Power of a study with dose change as a function of additional follow-up time under the assumption of linear treatment effect when ρ = 0 . 1 on the first row and 0.2 on the second row, for ( σ 0 , σ l , σ h ) = ( 6 . 0 , 6 . 0 , 6 . 6 ) for small variances, (6.0, 6.6, 7.2) for medium variances, and (6.0, 7.8, 8.4) for large variances. “High” on the far left is for the case that all patients are in the high dose group without any dose change.

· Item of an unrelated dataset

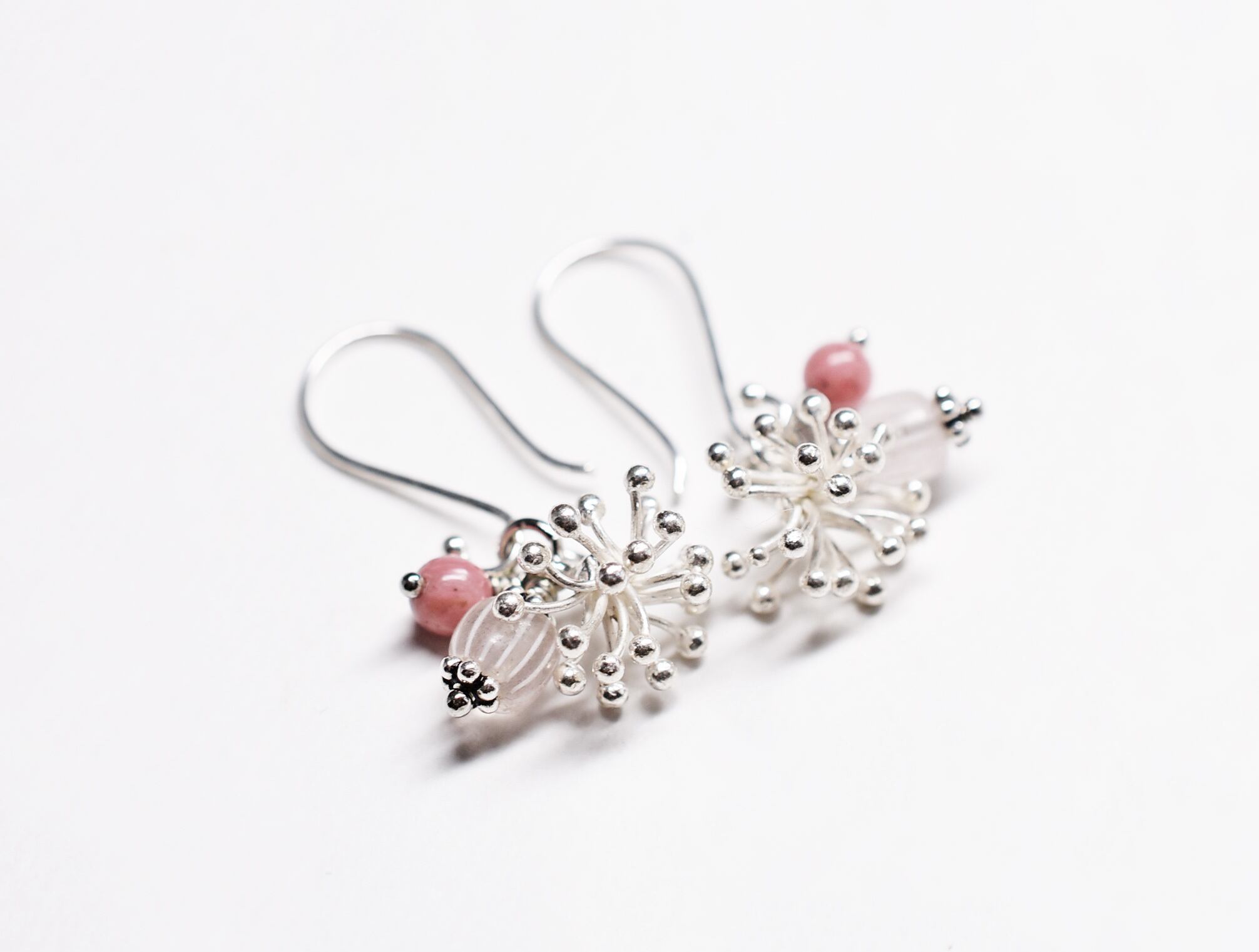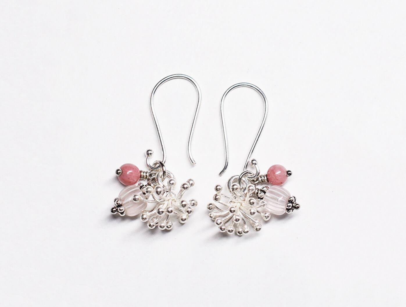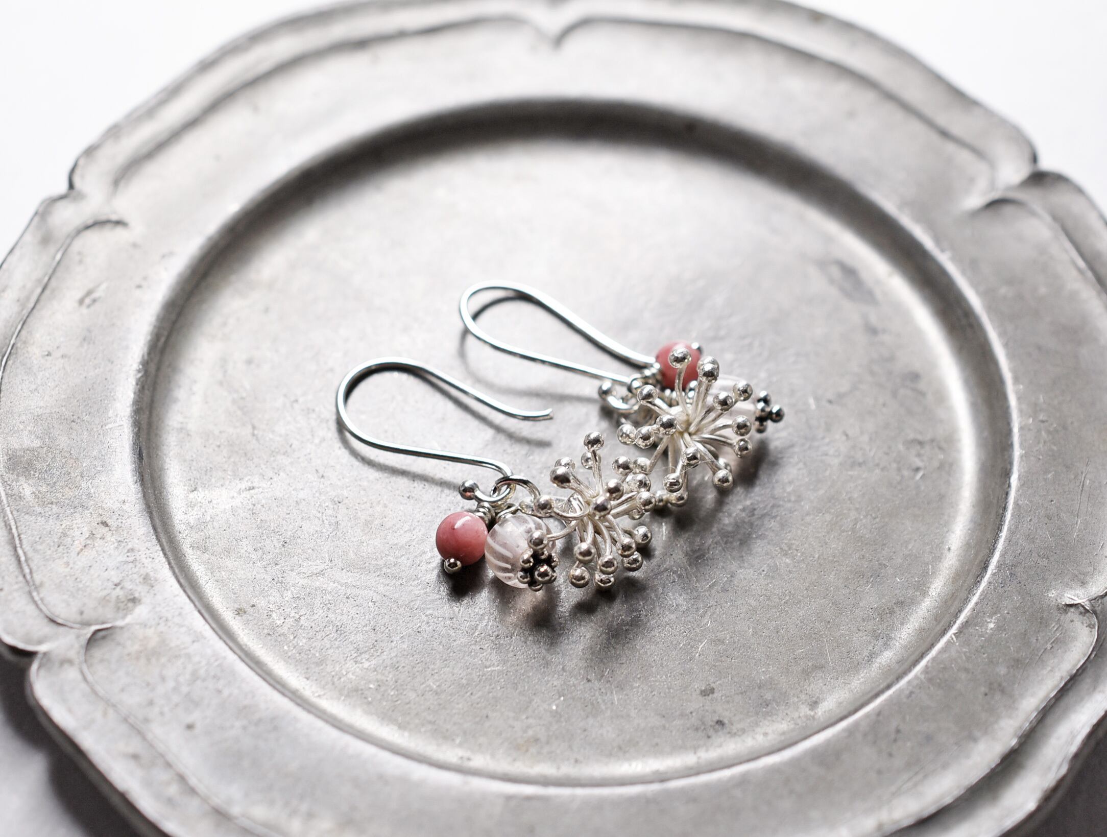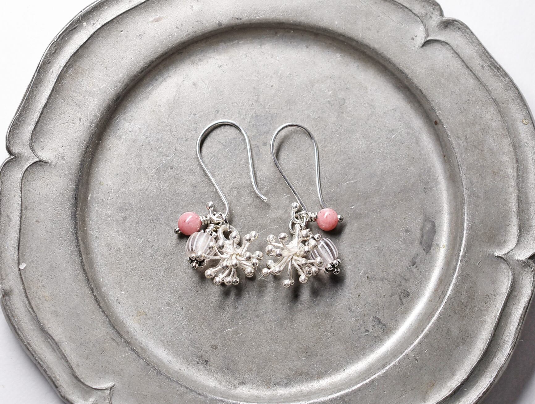 雪の☃️結晶のようなカレンシルバーとグーズベリー、ロードナイトを繋いだピアスです。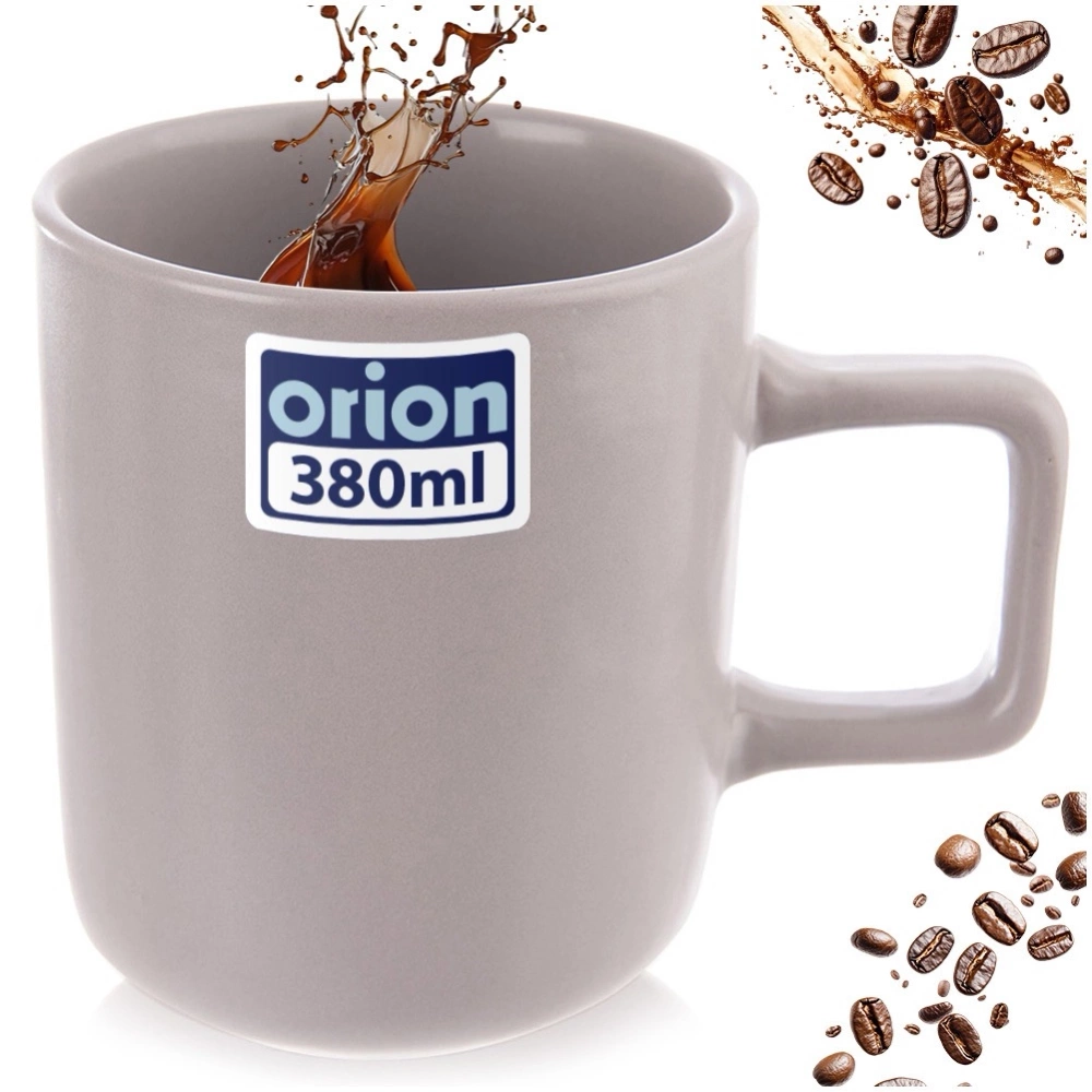 - Kubek 380 ml do picia kawy, herbaty i innych napojów. Kubek jest wykonany z ceramiki w szarym kolorze. Posiada wygodny uchwyt. Nadaje się do zmywarki i mikrofalówki.

In Fig. 6 , we present the statistical power as a function of the extended follow-up time for studies with different variances: ( σ 0 , σ l , σ h ) = ( 6 . 0 , 6 . 0 , 6 . 6 ) for small variances, (6.0, 6.6, 7.2) for medium variances, and (6.0, 7.8, 8.4) for large variances. As we expected, studies with larger variances, both for the low and high dose groups, have smaller statistical power. When the extended time increase the estimated statistical power increases. Given the proportion of participants on high dose, a larger correlation is often associated with higher power. When more participants on the high dose (e.g. 50% on the right plots) additional follow up time after 3 months only slightly increases the statistical power. As the proportion of participants on high dose increases its statistical power is much higher when Tm is short, and its advantage goes away when the extended follow up time goes longer.

3.4. Example

If we apply the methodology we describe in the previous sections we can begin to get a clearer picture of how the EMERGE and ENGAGE studies [2], [3], [4] failed their futility analysis. The trials were designed with a total of three arms: a high dose treatment arm, a low dose treatment arm, and a placebo group. The primary outcome of the studies was the change in Clinical Dementia Rating Scale-Sum of Boxes (CDR-SOB) at week 78 from baseline. The CDR-SOB is a composite index summed from six cognitive and functional domains: memory, orientation, judgment and problem-solving, community affairs, home and hobbies and personal care. The range of CDR-SOB is 0–18 with higher scores indicating greater impairment.

For these studies the expected increase in of the CDR-SOB score was 2 in the placebo group. The assumed baseline value was 2.45 all groups. Based on data from earlier Phase Ib studies, an increase of 1.74 was expected in the low dose treatment arm and 1.5 in the high dose treatment arm. The improvement of 0.5 in the high dose group represents a 25% reduction in the primary outcome (e.g. clinical worsening or slowed rate of decline).

In our model we apply several assumptions: variances in CDR-SOB at baseline of 1.50 in all groups; at 78 weeks variances of 1.50 in the placebo group, 1.55 in the low dose group, and 1.60 in the high dose group. Correlation of CDR-SOB at baseline at week 78 is assumed to be the same across the groups, we study four correlation coefficients: 0.05, 0.1, 0.2, 0.30, and 0.40. Suppose in the high dose group, only 60% of participants (240 out of 400 for a study with 400 per arm) were actually exposed to high dose from baseline to week 78.

Using a sample size of 400 per group to calculate the statistical power in Fig. 7 with or without dose change the computed statistical power increases as the extended follow-up time goes up. For this particular example, power is similar to each when the extended follow up time is 3 months or more for each configuration. Power for a study with the extended time of 9 months is slightly below the study with participants only on the high dose. When the correlation is 10% or above, a study with 3 months extended time has a power above 90%. For a study with a low correlation (e.g. 0.05) the estimated power for a study with a dose change could be below 90% even with an extended follow up.

An external file that holds a picture, illustration, etc. Object name is gr7.jpg

Example from the aducanumab trial using the CDR-SB score. “High” on the far left is for the case that all patients are in the high dose group without any dose change.